It was 1889 when Herman Gorter wrote his magnificent poem ‘In den zwarten nacht is een mensch aangetreden’. It was written in response of the death of the young lady Anna Witsen. The general public was not aware of that fact, but her brother Willem Witsen knew it though, for Gorter donated him the handwritten poem clearly indicating the reason.
Exactly 100 years later this story came to me for the first time. Rein van der Wiel’s book ‘Ewijkshoeve, tuin van tachtig’ was launched and I read it cover to cover. I realized that the family estate where I grew up formed the backdrop for this tragic scene.
In the 1880s Ewijckshoeve was the country residence of the patron family Witsen and thanks to the generosity of painter Willem Witsen, became a gathering place for writers, musicians and painters. It was considered a breeding ground for young, talented artists. Works of art originated here, can now be found in leading museums like the Rijksmuseum or the Stedelijk Museum in Amsterdam. The formative days of experimenting with the medium of photography was explored in this place.
I got intrigued by this Anna. Who was she? What drove her? What was her role and how can that be seen in the time in which she lived? In this series ‘Songs for soprano’ my own memories and fantasies merge with the things I learned about Anna to create a portrait of her. I somehow feel connected to this woman who lived at the same spot on earth, a century distance away.

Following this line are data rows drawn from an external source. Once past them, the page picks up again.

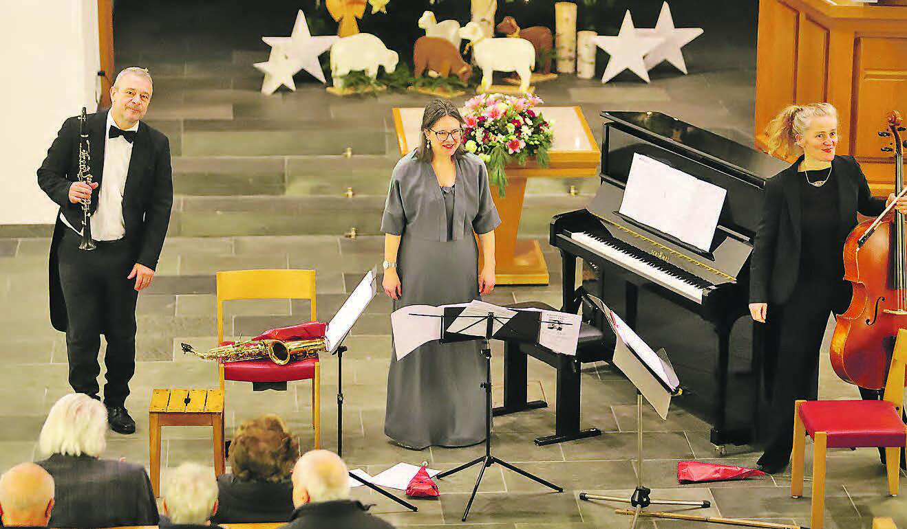 hh. Ein schmissiger, jazziger Auftakt mit «Ich brauche keine Millionen, mir fehlt kein Pfennig zum Glück…» sollte sicher nicht auf die Kollekte am Konzertende hinweisen. Sabine Bachmann-Frey am Klavier und Akkordeon, Sven Bachmann Klarinette und Saxophon und Martina Brodbeck am Cello sind alles Vollblutmusiker und begeisterten das Publikum mit auserlesenen Salonstücken. Zusammen spielen die Bachmanns schon seit 20 Jahren, und vor 14 Jahren ist Martina Brodbeck aus Basel dazugestossen. Mit einem Lächeln und mit Kopfnicken beginnen die Stücke und jedes Mitglied des Ensembles bringt seine Topleistung. Sven Bachmann übernahm…
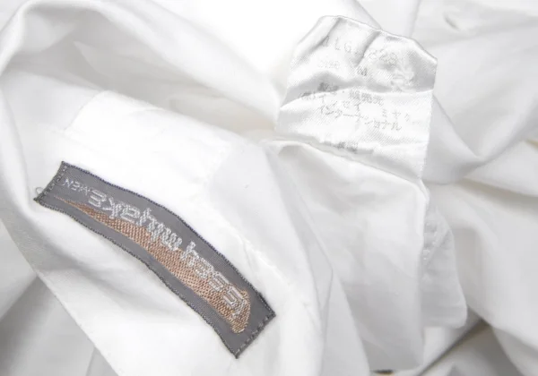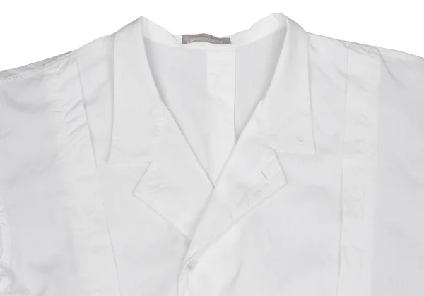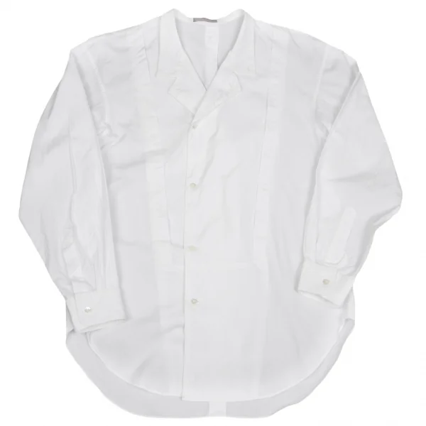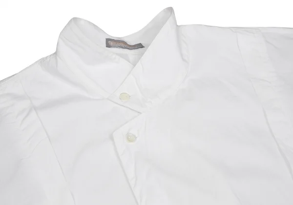 イッセイミヤケ メンISSEY MIYAKEMEN コットンプリーツ切替デザインスタンドカラーシャツ 白M
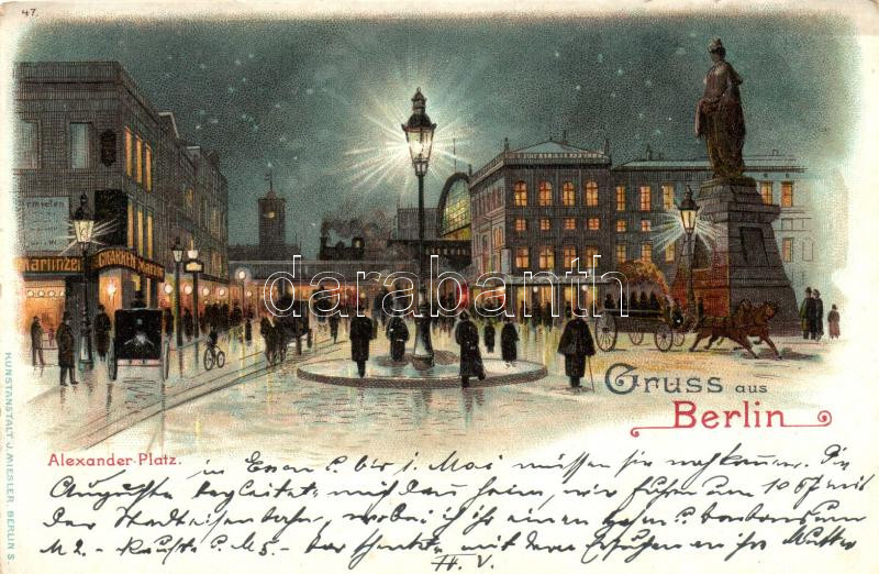 Berlin, Alexander Platz, Taxameter / square, shops, night, Kunstanstalt J. Miesler 47. litho
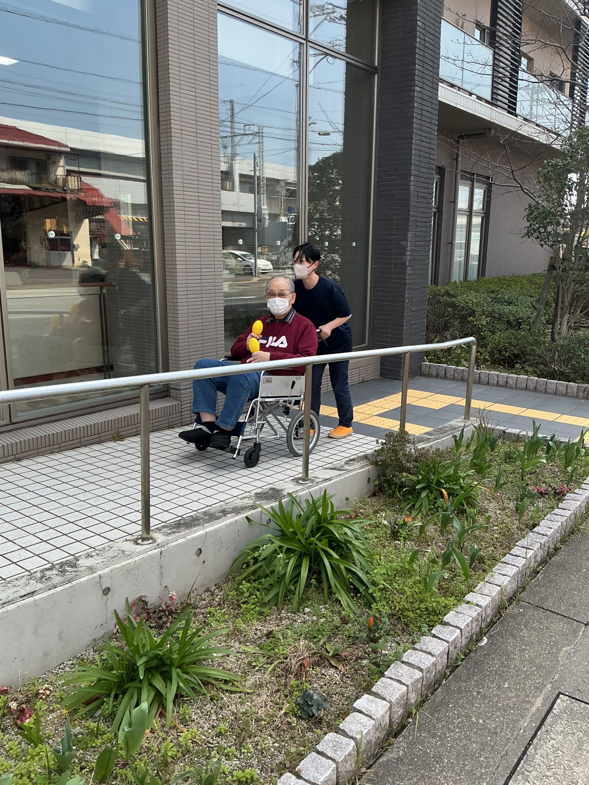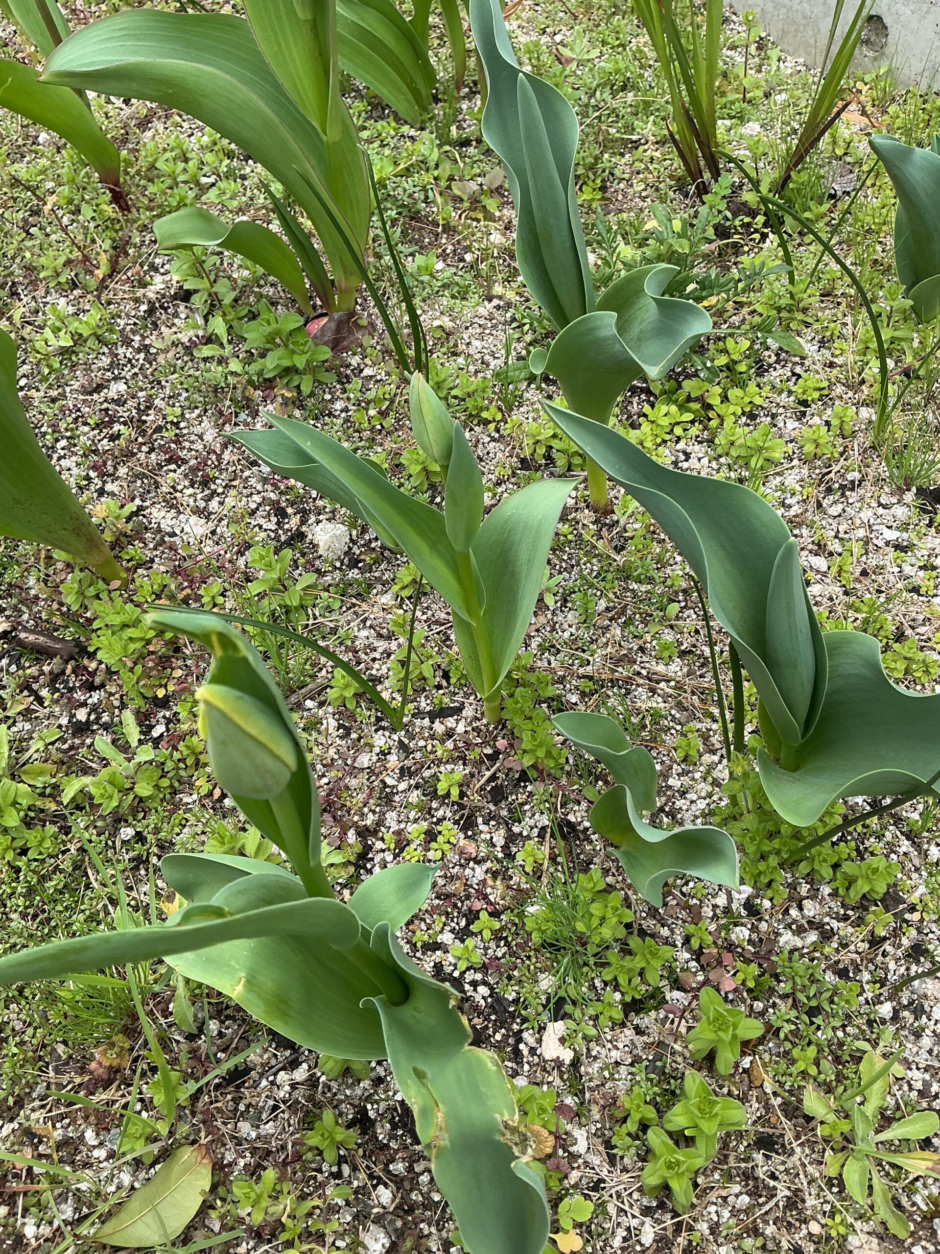 アプローチにある花壇のチューリップもすくすく背を伸ばしてます🌷🌷
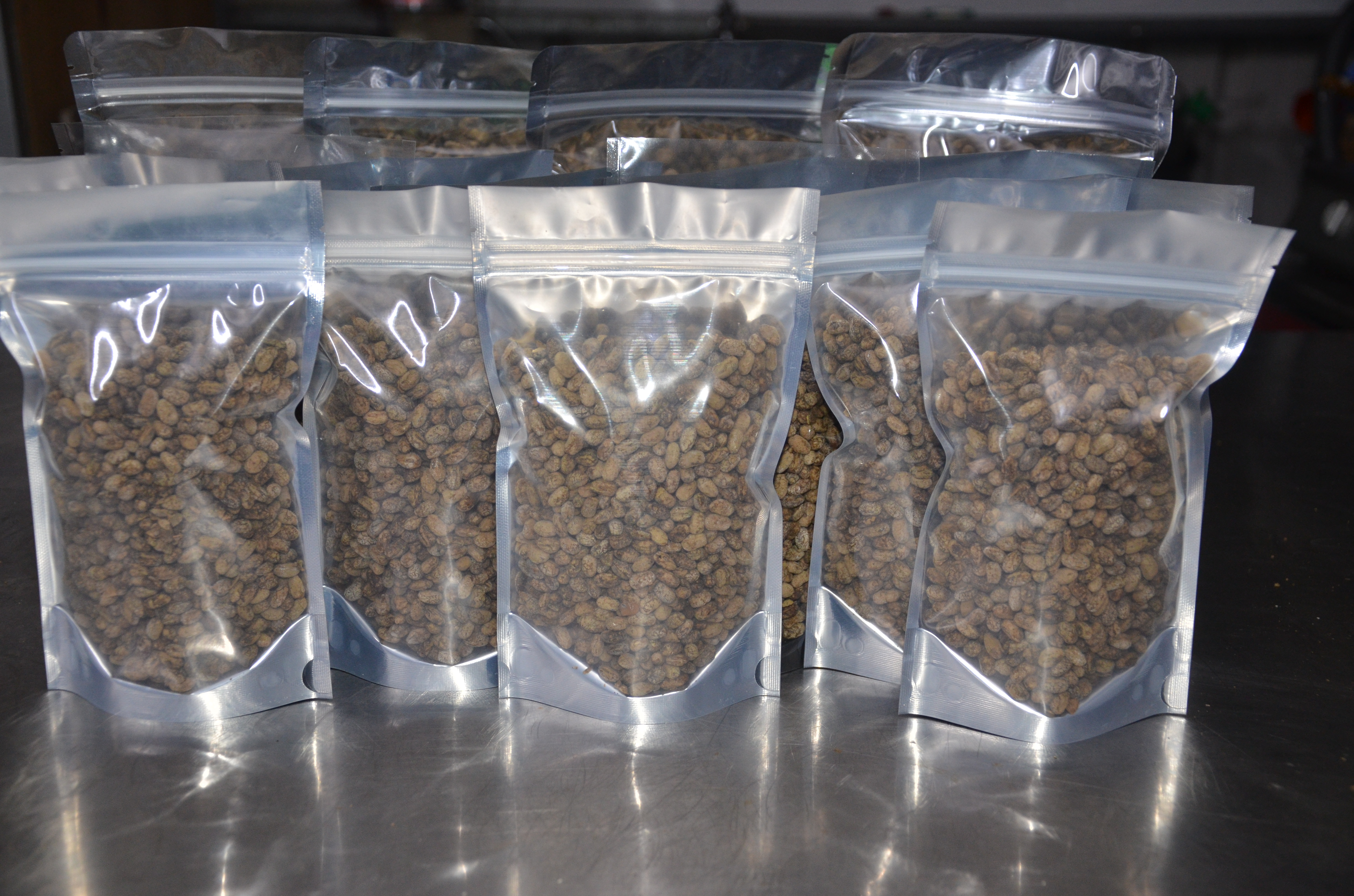 黃豆接種米麴經過幾天的製麴,變成黃綠,將表面孢子洗掉然後曬乾即成
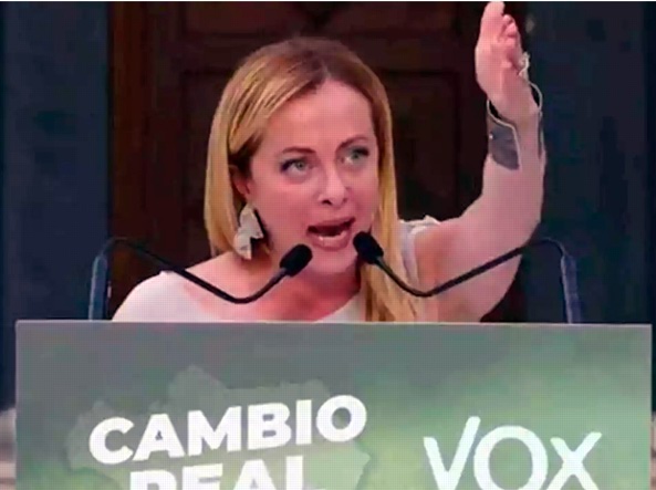 Giorgia Meloni è apparsa sul grande schermo della chermes del movimento politico spagnolo vox, ed in Italia la sinistra ulula alla luna ,come lupi famelici, i commenti sono addirittura imbarazzanti da parte di questi sopravvissuti ad una sinistra che non riesce a trovare il bandolo della matassa.

Only how different was her life from mine?
It seems Anna had a melancholy character. She suffered from unrequited love and as a woman she believed she had failed by staying single. As a singer, she received little recognition. She felt as though her mere presence disturbed her own brother, she was burdened with fierce fears and life senselessly tormented her. She must have felt that nobody really saw her for who she was. Anna chose to extract herself from this lonely reality on March 5, 1889.
For this series I used various techniques inspired on Witsen’s work combined with techniques of today, like slow shutter speeds on digital cameras or contemporary etching techniques. The title ‘Songs for soprano’ refers to the soprano singer Anna always wanted to be.